Pushing type 'numpy.ndarray' failing on OSX

cjmcmurtrie opened this issue 8 years ago · comments

I managed to build pytorch on OSX and all the tests passed. Running python pybit.py also worked without a hitch.

However, I cannot get the more complex example from the front-page to run (the convolutional network on MNIST). Both versions of this (from the examples folder and from the frontpage) throw the same error. I'm in a Python 2.71 environment, no CUDA GPU on this machine. This is the traceback:

$ python run_torch_model.py
Traceback (most recent call last):
  File "run_torch_model.py", line 35, in <module>
    lab_batch)
  File "build/bdist.macosx-10.5-x86_64/egg/PyTorchAug.py", line 147, in mymethod
  File "build/bdist.macosx-10.5-x86_64/egg/PyTorchAug.py", line 109, in pushSomething
Exception: ("pushing type <type 'numpy.ndarray'> not implemented, value ", array([[0, 0, 0, ..., 0, 0, 0],
       [0, 0, 0, ..., 0, 0, 0],
       [0, 0, 0, ..., 0, 0, 0],
       ..., 
       [0, 0, 0, ..., 0, 0, 0],
       [0, 0, 0, ..., 0, 0, 0],
       [0, 0, 0, ..., 0, 0, 0]], dtype=uint8))

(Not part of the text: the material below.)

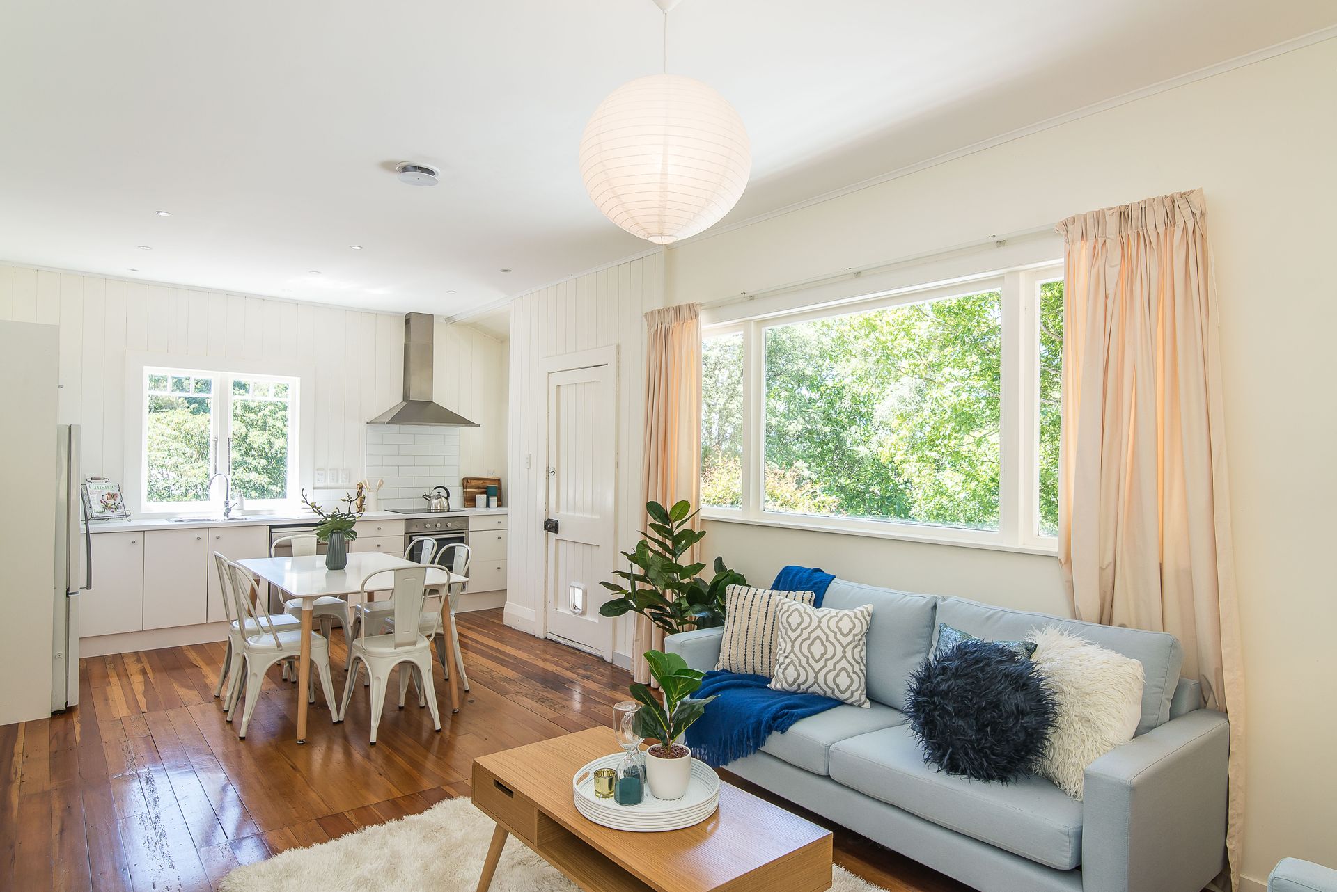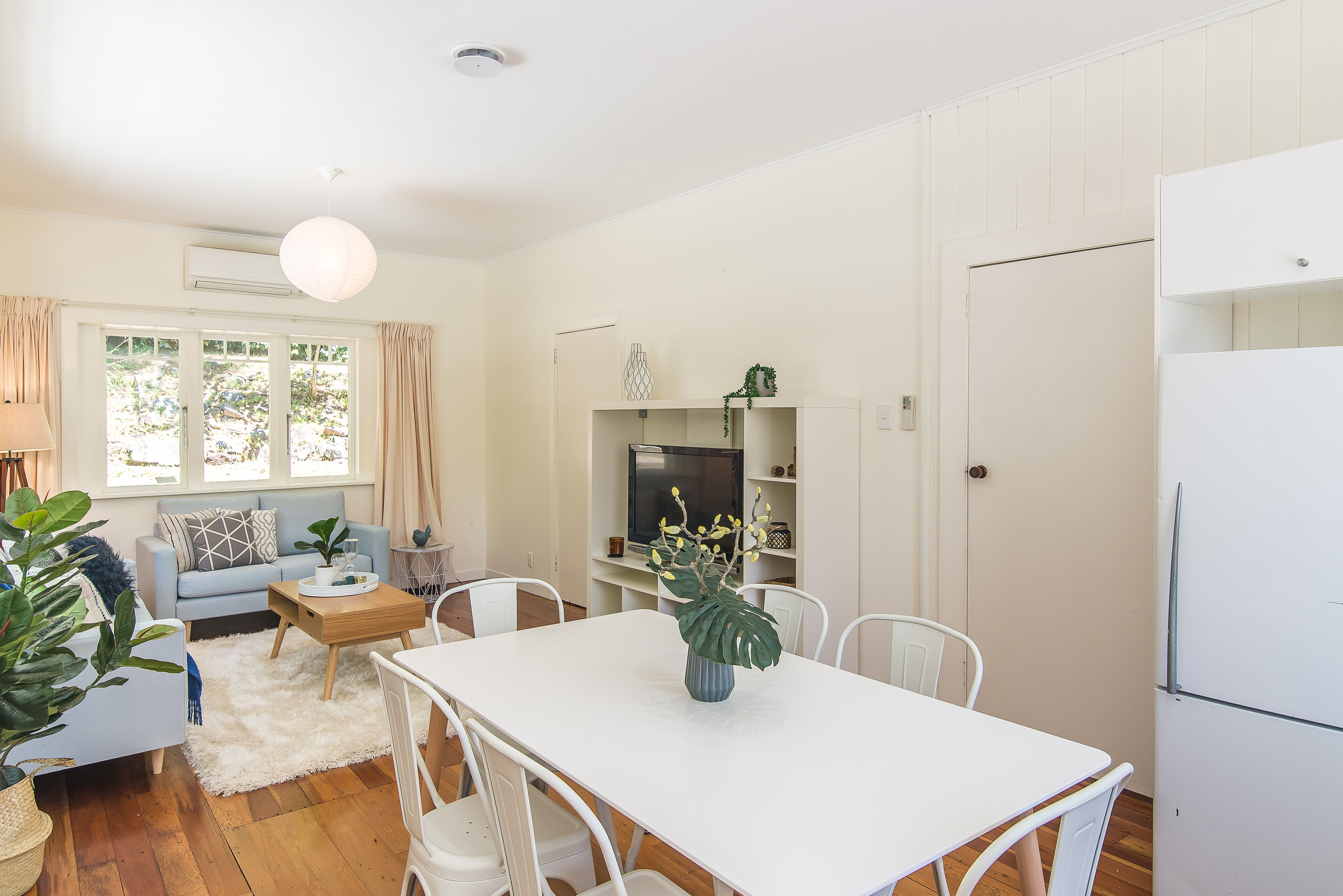 - Spacious open plan kitchen/dining and living. Complete with polished floor boards, surrounding area view and access to a generous deck, this is a great spot for relaxing and entertaining

This is the Python script I'm running (I grabbed the MNIST data from Sklearn but the error is the same using the python-mnist package):

from __future__ import print_function, division
import PyTorch
import PyTorchHelpers
import numpy as np
from sklearn.datasets import fetch_mldata


batchSize = 32
numEpochs = 2
learningRate = 0.02

TorchModel = PyTorchHelpers.load_lua_class('torch_model.lua', 'TorchModel')
torchModel = TorchModel('cpu', 28, 10)

mnist = fetch_mldata('MNIST original', '')

images = mnist.data
labels = mnist.target

labels += 1  # since torch/lua labels are 1-based
N = labels.shape[0]

numBatches = N // batchSize
for epoch in range(numEpochs):
  epochLoss = 0
  epochNumRight = 0
  for b in range(numBatches):

    im_batch = images[b * batchSize:(b+1) * batchSize]
    lab_batch = labels[b * batchSize:(b+1) * batchSize]

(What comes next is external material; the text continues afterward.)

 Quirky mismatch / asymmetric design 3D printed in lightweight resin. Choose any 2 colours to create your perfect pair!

    res = torchModel.trainBatch(
      learningRate,
      im_batch,
      lab_batch)

    numRight = res['numRight']
    epochNumRight += numRight
  print('epoch ' + str(epoch) + ' accuracy: ' + str(epochNumRight * 100.0 / N) + '%')

This is the Torch script:

require 'torch'
require 'nn'

local TorchModel = torch.class('TorchModel')

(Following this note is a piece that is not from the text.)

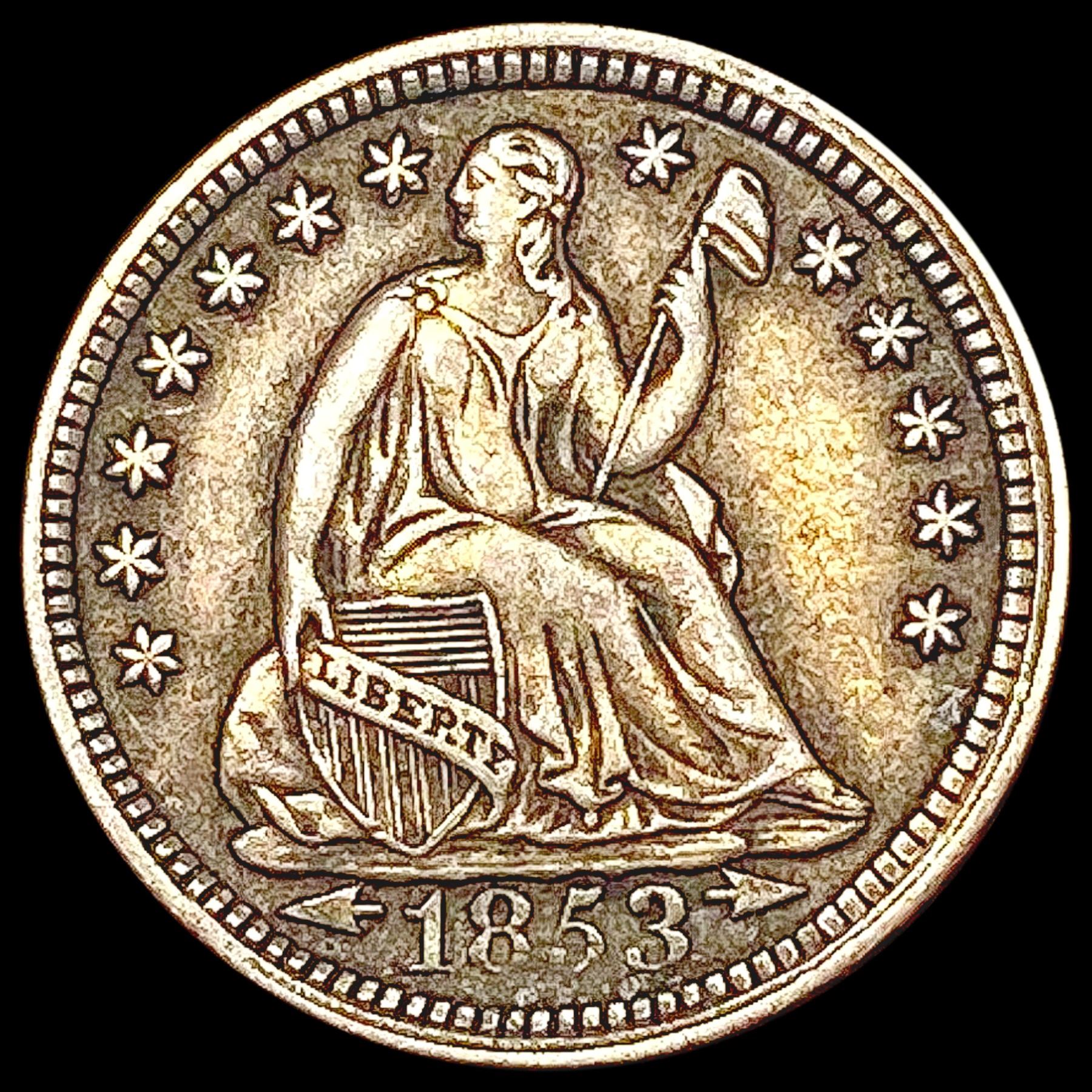 1853 Arws Seated Liberty Half Dime CLOSELY UNCIRCU

function TorchModel:__init(backend, imageSize, numClasses)
  self:buildModel(backend, imageSize, numClasses)
  self.imageSize = imageSize
  self.numClasses = numClasses
  self.backend = backend
end

function TorchModel:buildModel(backend, imageSize, numClasses)
  self.net = nn.Sequential()
  local net = self.net

  net:add(nn.SpatialConvolutionMM(1, 16, 5, 5, 1, 1, 2, 2))
  net:add(nn.ReLU())
  net:add(nn.SpatialMaxPooling(3, 3, 3, 3))
  net:add(nn.SpatialConvolutionMM(16, 32, 3, 3, 1, 1, 1, 1))
  net:add(nn.ReLU())
  net:add(nn.SpatialMaxPooling(2, 2, 2, 2))
  net:add(nn.Reshape(32 * 4 * 4))
  net:add(nn.Linear(32 * 4 * 4, 150))
  net:add(nn.Tanh())
  net:add(nn.Linear(150, numClasses))
  net:add(nn.LogSoftMax())

  self.crit = nn.ClassNLLCriterion()

  self.net:float()
  self.crit:float()
end

function TorchModel:trainBatch(learningRate, input, labels)
  self.net:zeroGradParameters()

  local output = self.net:forward(input)
  local loss = self.crit:forward(output, labels)
  local gradOutput = self.crit:backward(output, labels)
  self.net:backward(input, gradOutput)
  self.net:updateParameters(learningRate)

  local _, prediction = output:max(2)
  local numRight = labels:int():eq(prediction:int()):sum()
  return {loss=loss, numRight=numRight}  -- you can return a table, it will become a python dictionary
end

function TorchModel:predict(input)
  local output = self.net:forward(input)
  local _, prediction = output:max(2)
  return prediction:byte()
end

Hugh Perkins · Answer 1 · Fri Apr 08 2016 07:32:01 GMT+0800 (China Standard Time)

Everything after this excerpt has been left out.